The State Department admissions for all of September of non-Muslim Syrian refugees represented only 1.1 percent of the total, with 1,825 Muslim refugees admitted, and only 22 from Yazidi and various Christian sects who are being targeted for genocide by the Islamic State in Syria.
Admissions for the month of August were 3,159 Muslim and 30 non-Muslim refugees—fewer than one percent.
Year-to-date, non-Muslim Syrian refugee admissions account for less than one percent (0.8) overall, with 11,818 Muslims and only 95 non-Muslims of all groups.
Those were the numbers as of today from the State Department’s Refugee Processing Center.
These numbers are highly skewed when compared with Syria’s religious demographics.

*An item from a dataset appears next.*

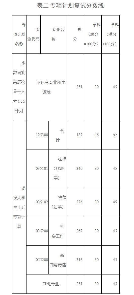根据教育部《2021年全国硕士研究生招生考试考生进入复试的初试成绩基本要求》(以下简称国家线),结合学校招生计划情况,按照差额复试比例要求,部分专业在符合国家线的基础上进行自划线。普通计划见表一和表二,专项计划见表三。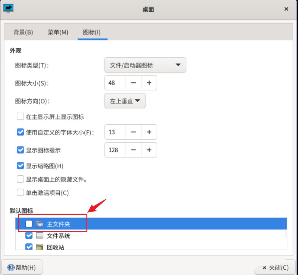 在【默認圖標】中,找到【主文件夾】選項,取消勾選即可。

According to The Gulf/2000 Project at Columbia University, the religious breakdown of the Syrian population from 2008-2009 shows that 15.98 million are Sunnis (73 percent of the population) while 3.29 million are Shiites (14.7 percent of the population). Christians account for 2.04 million people, or 9.3 percent of the population, while other religions account for 590,000 people, or 2.7 percent of the population.
I noted a few weeks ago that as hundreds of Muslim Syrian refugees were pouring in during early September, only two Christians had been admitted by September 10.